In his first few months at BCBG, Weissman observed the company’s operations and outlined six investment pillars to be addressed to enhance its digital underpinnings. “We are starting to build those features, and we plan to roll them out over the next 12 months and then at a higher level in the next 36 months,” he said. “I think everybody came here and expected me to make massive changes right away, but it was important to go a bit slowly. The business was experiencing nice growth. I didn’t want to upset the apple cart and make changes for changes’ sake.” The six pillars to be addressed are the marketing organization, the Web and mobile experience, omnichannel efforts, operations, market expansion within the next several weeks, BCBG will begin to ship to 100-plus countries from its Web site and organizational advancement.

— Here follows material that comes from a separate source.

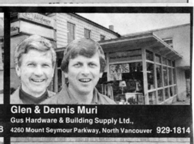 Glen & Dennis Muri, Gus Hrdwe ad 1986-05-06 NS News.tif
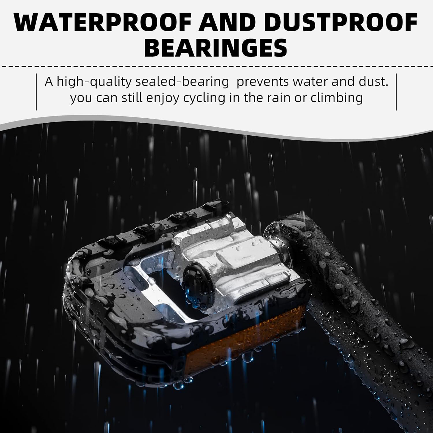 Made of CNC aluminum alloy, each pedal weighs only 0.42 lbs with sealed bearings for water and dust resistance.

Weissman deemed the last pillar the most important. “We are bringing in skilled, experienced e-commerce professionals to help support these other initiatives. I have found some really good people that I have brought in recently,” he said. “The team numbers in the high 20s, and we will bring it up to about 40.” With a bigger team, BCBG can take a deep dive into data about its customer base. “That’s one of our goals for this year. Philosophically, retailers are moving away from looking at their customers by channel. Customers don’t necessarily shop in one channel,” said Weissman. “You need to understand all of our customers in one bucket and in one view and start to segment, based on where they shop. We don’t look at them as different customers, and I don’t think customers look at channels any more. They look at brands.”

In terms of digital programs that will make an impact in the short term, Weissman pointed to BCBG’s optimized mobile experience. “Fifty percent of our e-mails are read on mobile and upward of 30 percent of our traffic is on mobile. So, I think that will help drive additional revenue and conversion,” he said. In the longer term, omnichannel proposals such as in-store pick-up of Web orders and the ability for customers to order merchandise not in the store when they are shopping in the physical environments will lift BCBG’s sales. Generally, retailers “are doing anywhere from 5 to 20 percent of their business through these omnichannel initiatives. If you are a $100 million retailer, you can do $5 million to $20 million through omnichannel. That is the benchmark we are using as we go into that,” said Weissman. Overall, Weissman estimated that BCBG’s digital business should grow to two to three times its size in roughly the next 36 months. “We are competitive, but I think we can do better, and I think we can do better than other retailers, given the number of assets we have,” he said. “We can leverage our video assets and our photography assets better, both online and in-store. I think that we do a good job, and we are embarking on initiatives to do a great job.”

Schultz doesn’t believe e-commerce initiatives would be a drain on stores. In fact, she believes they would have the opposite effect. “We have definitely seen a shift in traffic at malls. We are working on getting our assortments right and getting knowledge. We are upgrading our systems, so we have better information on the customers and can assort and allocate better across all channels,” she said. “If we have the right merchandise in the right place when the customer wants it, or we can get it for her, that’s the right thing to do. We will use our online channel to drive her into the store.”